Closed. This question needs debugging details. It is not currently accepting answers.
Edit the question to include desired behavior, a specific problem or error, and the shortest code necessary to reproduce the problem. This will help others answer the question.
Closed 6 years ago.
Improve this question
Let's start with an example. In Harry Potter, Hogwarts has 4 houses with students sorted into each house. The same happens on my website and I don't know how many users are in each house. It could be 20 in one house 50 in another and 100 in the third and fourth.

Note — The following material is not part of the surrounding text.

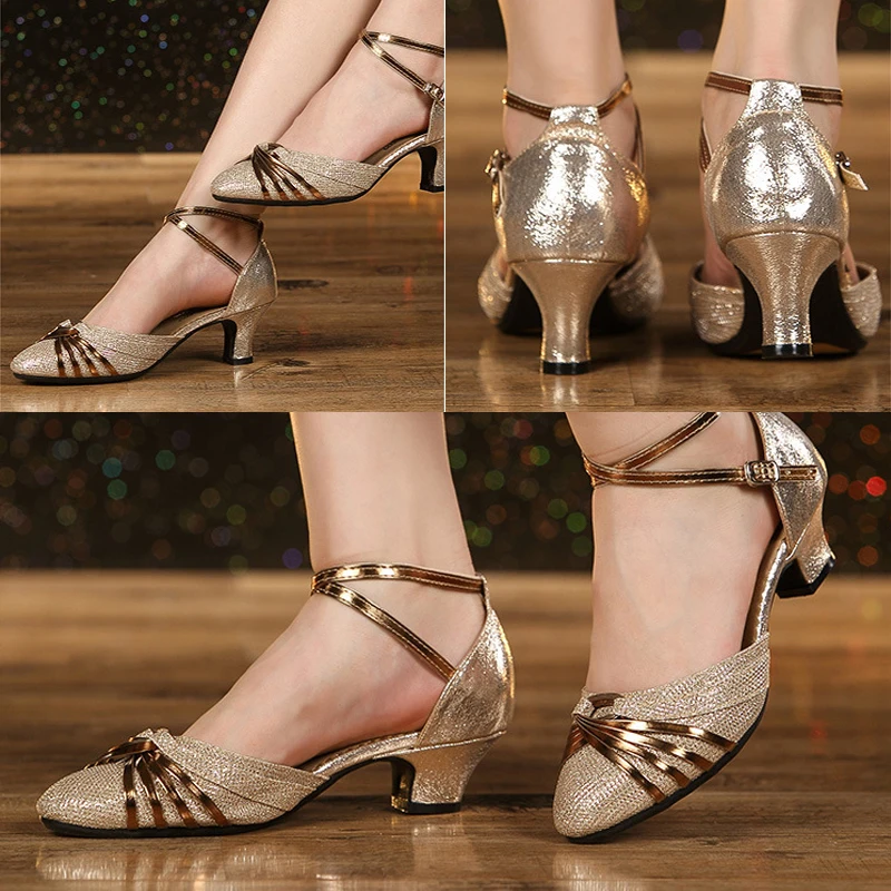 Женские туфли для латиноамериканских танцев, черныезолотистыеСеребр...

Now, each student can earn points on the website and at the end of the year, the house with the most points will win.
But it's not fair to "only" do a sum of the points, as the house with a 100 students will have a much higher chance to win, as they have more users to earn points. So I need to come up with an algorithm which is fair.
You can see an example here: https://worldofpotter.dk/points
What I do now is to sum all the points for a house, and then divide it by the number of users who have earned more than 10 points. This is still not fair, though.
Any ideas on how to make this calculation more fair?
Things we need to take into account:
* The percent of users earning points in each house
* Few users earning LOTS of points
* Many users earning FEW points (It's not bad earning few points. It still counts towards the total points of the house)
Link to MySQL dump(with users, houses and points): https://worldofpotter.dk/wop_points_example.sql
Link to CSV of points only: https://worldofpotter.dk/points.csv
I'd use something like Discounted Cumulative Gain which is used for measuring the effectiveness of search engines.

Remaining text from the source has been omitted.